Yusif Z. Farzaliyev (PhD) was born in 1958 in the city of Fizuli of the Republic of Azerbaijan. He graduated from the Azerbaijan State University in 1985, as an applied mathematician. In 2008, he defended the master's thesis "An increase in the accuracy and reliability of calculation of reliability indices of power units". He is the main expert of the Department for Reliability of Power Equipment at ASRDPPEI in Baku.
Tamara K. Rafiyeva was born in 1950 in the city of Baku of the Republic of Azerbaijan.
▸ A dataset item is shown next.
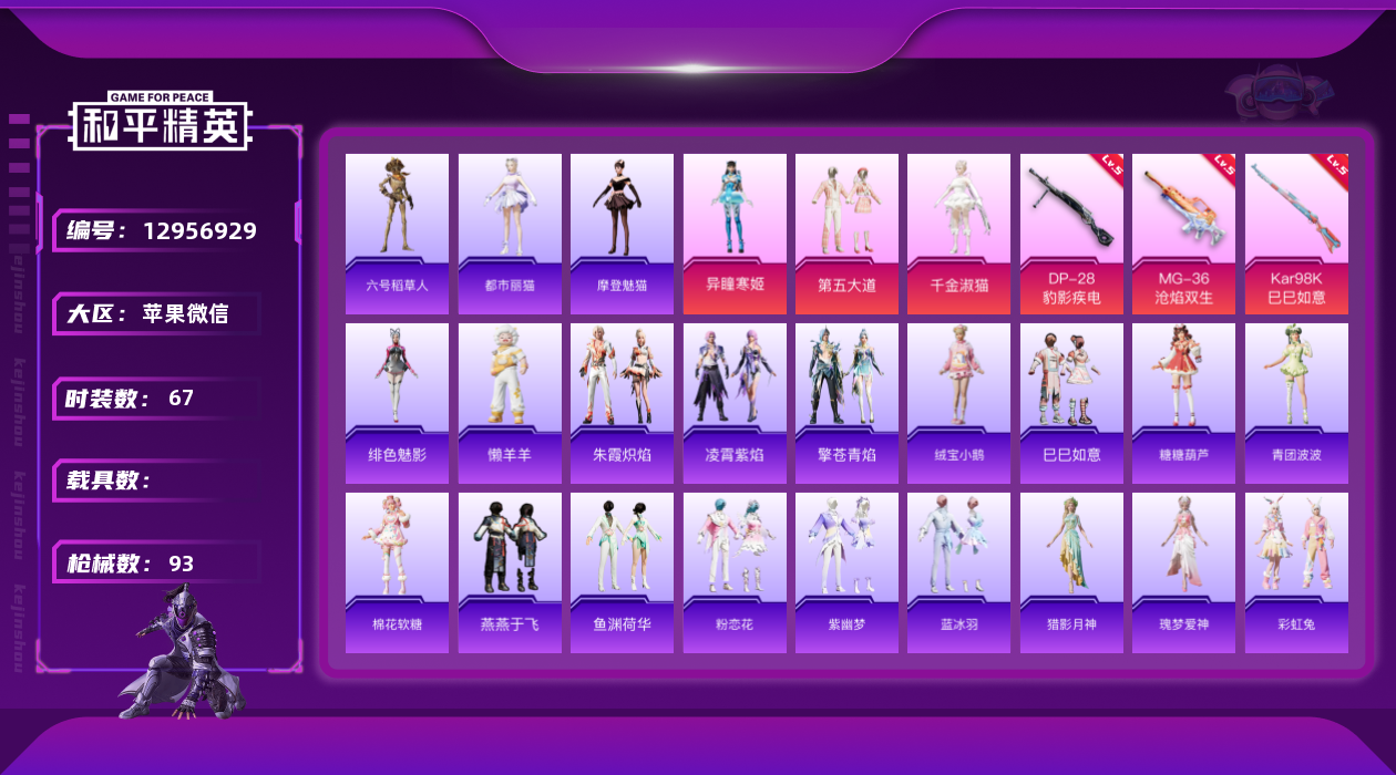 - PX_2095193-时装数: 126 枪械数: 198 战备数: 152 热门装扮: 奇异狩猎者,荒野猎神,宝贝奶油派,鹰眼刺客,东方飞龙,未来领航者 稀有枪皮: 七级AKM-甜心宝贝,六级M416-心之恋语,二级AKM-星际浪客,五级M416-电玩时刻,五级UMP45-量子极限,五级GROZA-镜光银凌,五级Kar98K-巳巳如意,五级AUG-暖羊咩咩,

In 1973 she graduated from Energy Department of the Azerbaijan Oil and Chemistry Institute. In 2007 she defended the master's thesis "Simulation modeling of individual reliability of power units". She is a senior scientific researcher of the Department for Reliability of Power Equipment at ASRDPPEI in Baku. Her research interests include: Quantitative estimation of a technical condition of the equipment and devices of electric power systems
Samira A. Abdullayeva was born in 1968 year in the city of Baku of the Republic of Azerbaijan. She graduated from the Energy Department of the Azerbaijan Oil and Chemistry Institute in 1990. She is a leading engineer of the Department for Reliability of Equipment of Electric Power Systems at ASRDPPEI in Baku. She is a post-graduate student.